KeywordsSocial influence Cebus capucinus Food processing Capuchins Development
Debate on a central anthropological issue, the origin and function of human cultural capacities (Richerson and Boyd 2005; Laland and Galef 2009; Perry 2006) has been powerfully affected in the past decade by the discovery of between-population differences in food processing techniques among wild non-human primates such as chimpanzees (Whiten et al. 1999), orangutans (van Schaik et al. 2003a), capuchins (Panger et al. 2002) and macaques (reviewed in Perry and Manson 2003). However, it remains unclear to what extent these differences are driven by social learning processes generally, and by copying, i.e., replicating an observed behavior, in particular.

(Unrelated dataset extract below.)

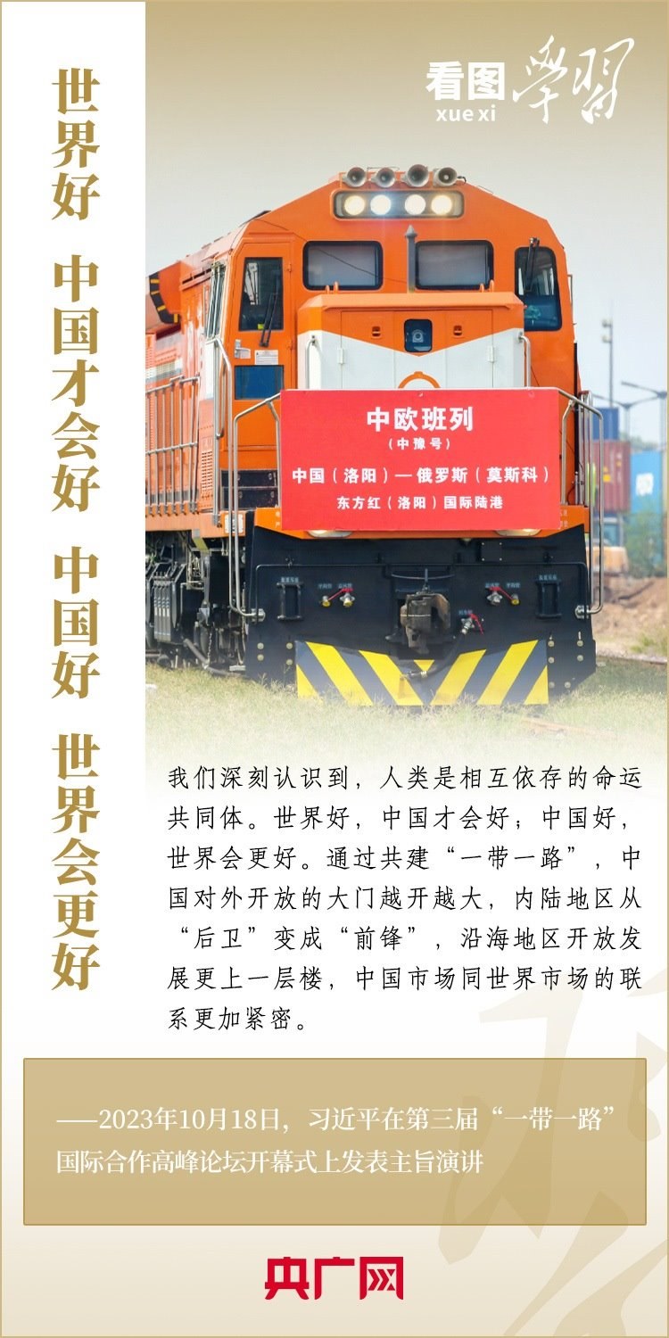 10月18日,習(xí)近平主席出席第三屆“一帶一路”國際合作高峰論壇開幕式并發(fā)表主旨演講,深刻總結(jié)共建“一帶一路”倡議提出十年來取得的發(fā)展成果和經(jīng)驗(yàn),就中國支持高質(zhì)量共建“一帶一路”提出具體行動(dòng),強(qiáng)調(diào)要迎接共建“一帶一路”更高質(zhì)量、更高水平的新發(fā)展,推動(dòng)實(shí)現(xiàn)世界各國的現(xiàn)代化,建設(shè)一個(gè)開放包容、互聯(lián)互通、共同發(fā)展的世界,共同推動(dòng)構(gòu)建人類命運(yùn)共同體!一起來學(xué)習(xí)!

Social learning, in its broadest sense, is defined as changes in the behavior of one individual that result at least in part from (a) attending to the behavior of another individual, (b) accompanying another individual so that the learner is exposed to new experiences, or even (c) encountering physical traces of others’ activities that alter the discoverer’s behavior (Box 1984; Fragaszy and Perry 2003). Such a definition includes both the acquisition of new knowledge or skills as a result of observing others, and also social influence biasing individuals toward the use of behaviors already in their repertoires. Most research on cultural transmission in non-human primates has focused on the role of social influence in the spread of recent innovations throughout populations. But another potentially important social process affecting between-group differences in behavior is conformism—the tendency for individuals to preferentially exhibit behavioral alternatives that they witness most frequently in their peers, or to exhibit the behaviors that are performed by peers who are considered most prestigious or successful, or those peers with whom they have the highest quality social relationships (however that might be defined). Conformism can involve the adoption of new behaviors, but it can also involve an acquired preference of the use of behaviors that are already in an individual’s behavioral repertoire and/or the suppression of some other behavior formerly used in a particular context.
Due to the difficulty in measuring social influence in the wild, researchers who want to explain between-population differences in the behavior of wild primates have turned to captive animals to investigate the mechanisms of social learning that are likely to exist in the wild. Evidence from captive great apes (Whiten et al. 2005), captive brown capuchins (Dindo et al. 2007; Fredman and Whiten 2008; Bonnie and de Waal 2007; de Waal and Bonnie 2009; Fragaszy et al. 2004) and rehabilitant orangutans (Russon et al. 2007; Russon 2003) shows that, given frequent opportunities to observe model individuals with whom they have tolerant relationships, individuals can be induced to copy object-manipulation techniques that they have observed, thereby producing conformity biases and/or the maintenance of multiple traditions for solving the same foraging problem However, captive animals can sometimes be induced to express behaviors and exhibit problem-solving skills that are rarely expressed in the wild (Snowdon 2001; Kummer 1995), and so it is not necessarily safe to assume that phenomena documented in captivity also occur in the wild.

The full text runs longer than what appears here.